Даша ее купила лет десять назад в антикварном магазине. Витюша, помнится, тогда долгое время пребывал вне себя от ее транжирства. За паршивую чайную пару жена заплатила столько же, сколько стоил сервиз из темного небьющегося стекла. У соседей по подъезду уже имелся такой. А у них – вот! – чашка с блюдцем.
Зато, какое было наслаждение каждое утро брать в руки изысканно легкий, почти прозрачный, белый с неуловимым розоватым бликом фарфор, в котором даже банальный чай из соседней лавки имел более тонкий аромат.

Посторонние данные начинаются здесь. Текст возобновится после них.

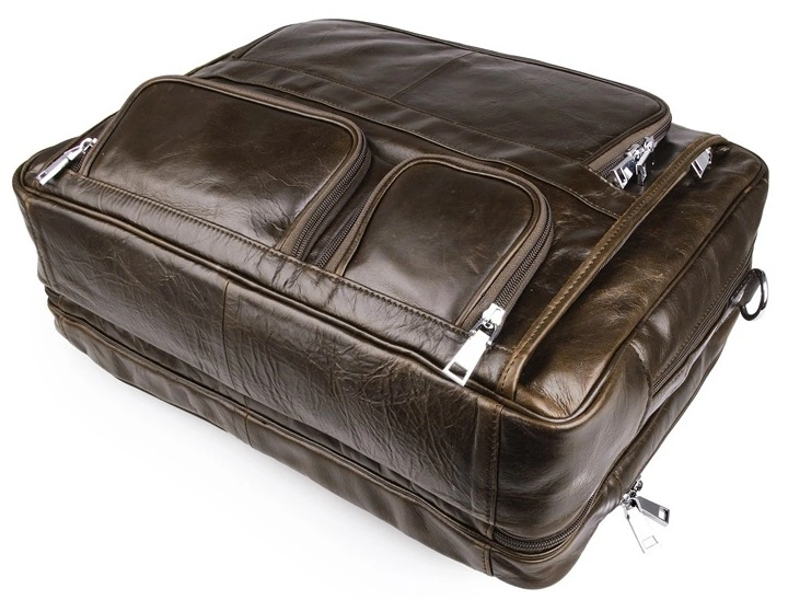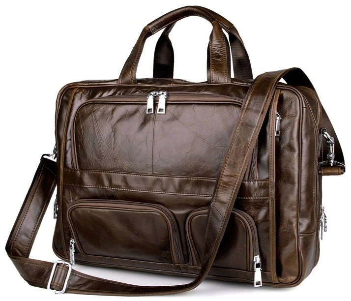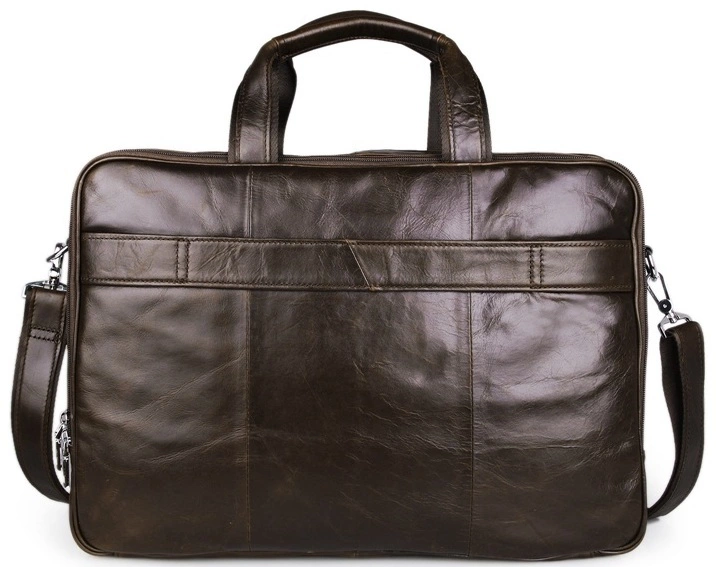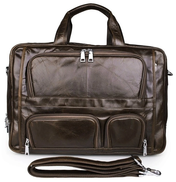 Большая мужская кожаная сумка с множеством отделений и карманов. Аксессуар можно переносить при помощи удобных ручек в руке, а также через плечо. На задней внешней стороне изделия расположена ручка с помощью, которой сумка при необходимости крепиться к чемодану. Цвет фурнитуры: серебро. Аксессуар можно использовать для носки папки с документами и ноутбука, а также как сумку для спортзала.

Даша обхватила пальцами теплые края с едва заметным рельефным узором.
– Спасибо.
Сергей стащил с дивана плед и прикрыл им Дашины ноги.
– Согрелась?
– Спасибо.
– Я рад.
– Чему?
Слезы уже перестали бежать, но ресницы слиплись. Изображение морщилось и расплывалось.
– Ну хотя бы тому, что мы наконец-то перешли на ты.
– Временно.
– Пусть. Даже если на полчаса – все равно приятно. Можно, я тут на коврике прикорну?
– Ты как кот все время жмешься к теплу.
– Не поверишь, я за последние месяцы намерзся на десять лет вперед. Не знал, что на черноморском побережье можно от холода вульгарно дать дуба, как например в Амдырме.